Dynamic setpoint control for museum indoor climate conditioning integrating collection and comfort requirements: Development and energy impact for Europe

This study presents a seven-step algorithm for hourly setpoint calculation of museums' indoor temperature (Ti) and relative humidity (RHi) integrating collection requirements (ASHRAE) and thermal comfort requirements. Moreover, building energy simulation results provide insight into the energy impact of five levels of museum indoor climate conditioning applied to four building quality levels (ranging from a historical building to a purpose-built museum building) using weather data from twenty locations throughout Europe. The five levels of indoor climate conditioning were calculated using the presented setpoint algorithm, a validated simulation model of museum Hermitage Amsterdam was adjusted to represent the four building quality levels, and technical-reference-year (TRY) weather data of twenty locations were used.
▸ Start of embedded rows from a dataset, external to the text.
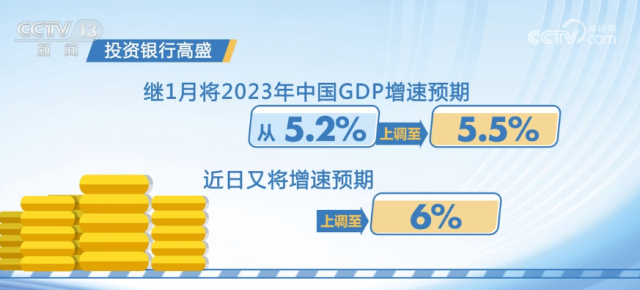 央視網(wǎng)消息:今年以來,國際機(jī)構(gòu)紛紛上調(diào)中國經(jīng)濟(jì)增長預(yù)期。投資銀行高盛繼1月將2023年中國GDP增速預(yù)期從5.2%上調(diào)至5.5%后,近日又將增速預(yù)期上調(diào)至6%。據(jù)國際貨幣基金組織測(cè)算,中國經(jīng)濟(jì)的強(qiáng)勁反彈意味著將在今年貢獻(xiàn)全球經(jīng)濟(jì)增長的約三分之一,將為世界經(jīng)濟(jì)帶來強(qiáng)勁的拉動(dòng)作用。
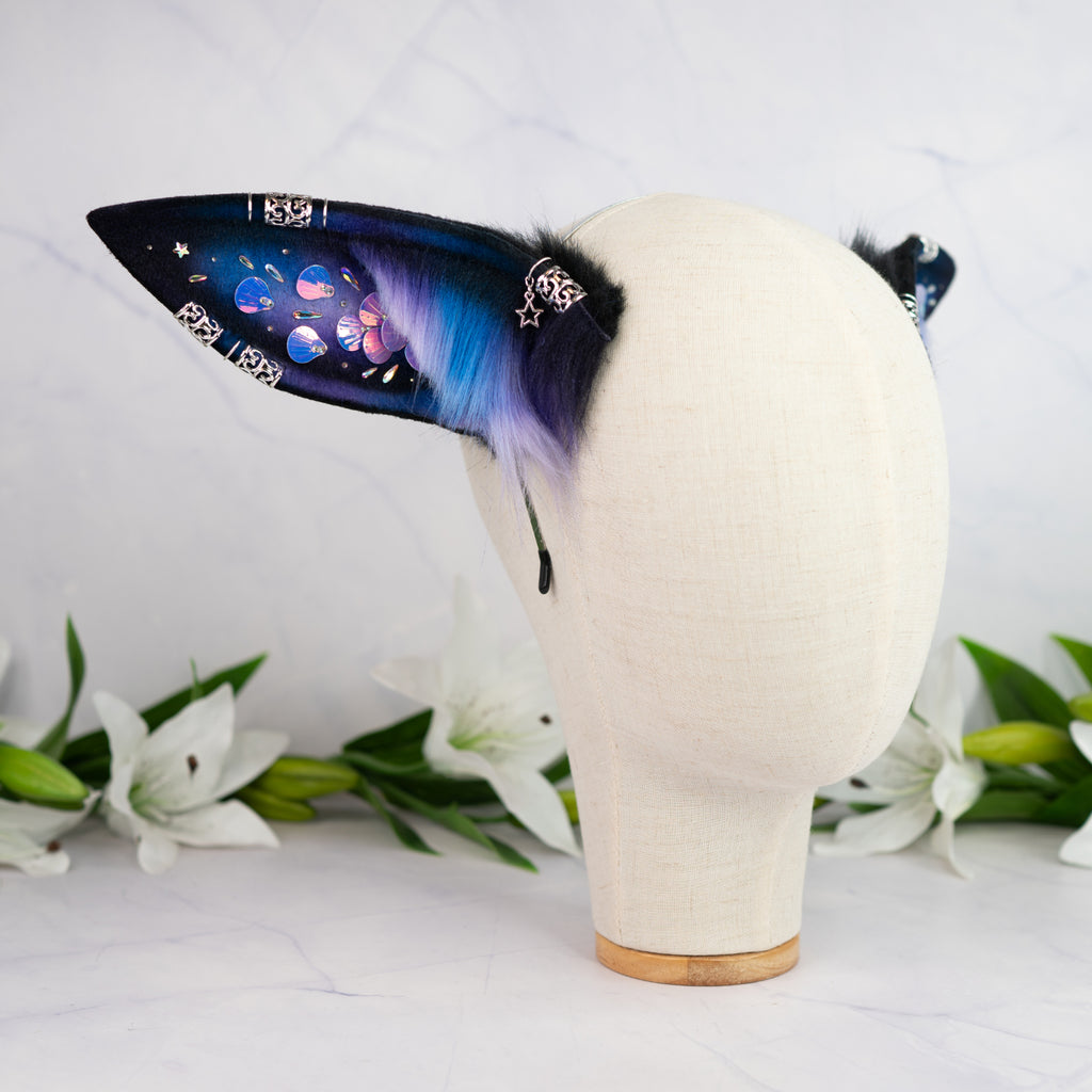 What is offered: A thin metal headband with a pair of faux fur dragon ears in the color black/purple/blue with silver piercings, rhinestones and scales
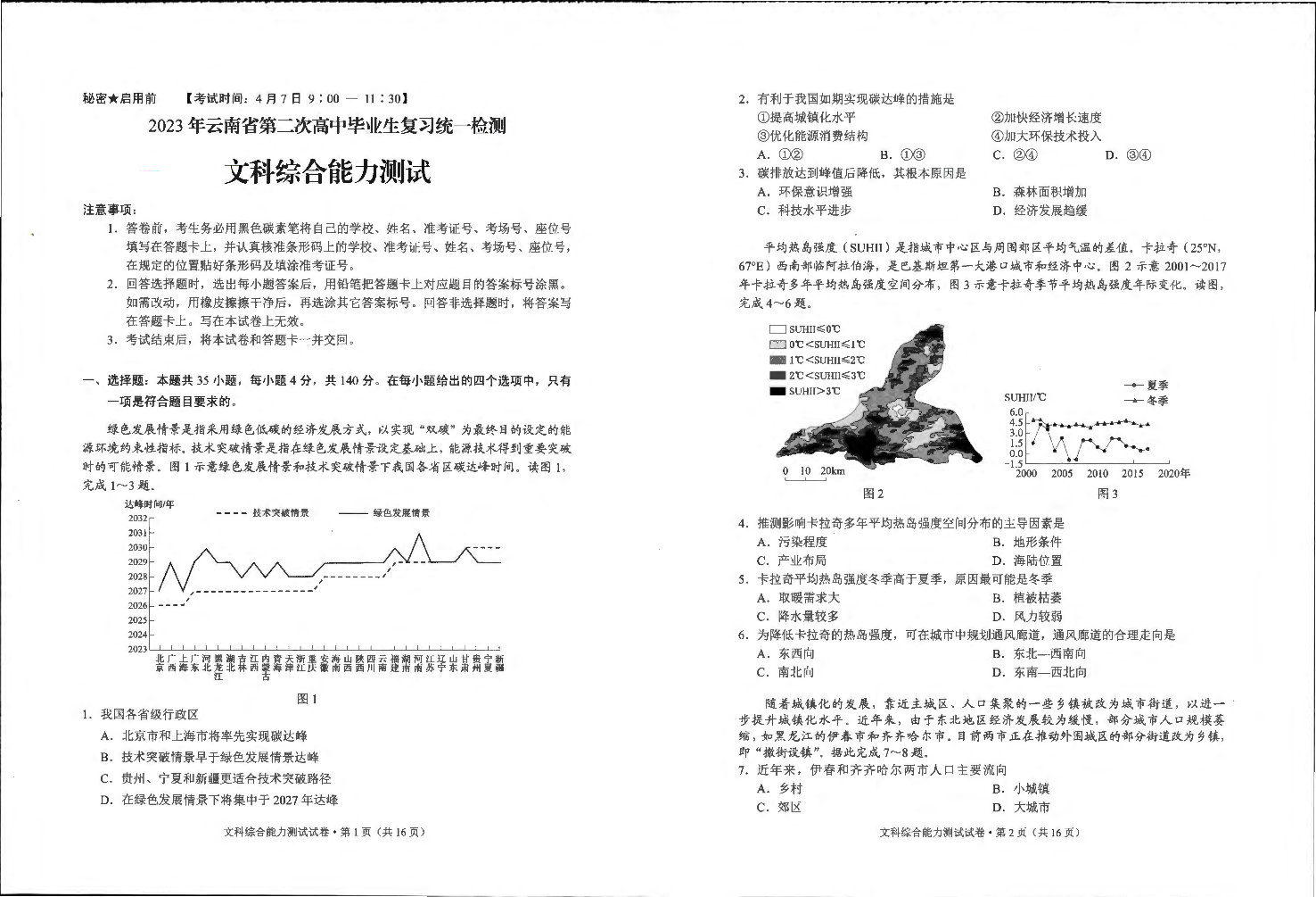 高三文综--2023 年云南省第二次高中毕业生复习统一检测(云南统测二)

The conclusions: The setpoint algorithm enables smooth control of seasonal adjustments, integrated with permissible short fluctuations of T and RH (according to ASHRAE classes); improving the building quality quickly follows the law of diminishing returns; supposing to result in the same collection risk, subclass Ad (no seasonal adjustments, but larger hourly fluctuations) is more energy efficient than subclass As (with seasonal adjustments, but smaller hourly fluctuations) for most locations; although class AA is more stringent than subclass As, class AA appears to require less energy than subclass As for some locations, due to efficiency differences of the humidification and dehumidification processes.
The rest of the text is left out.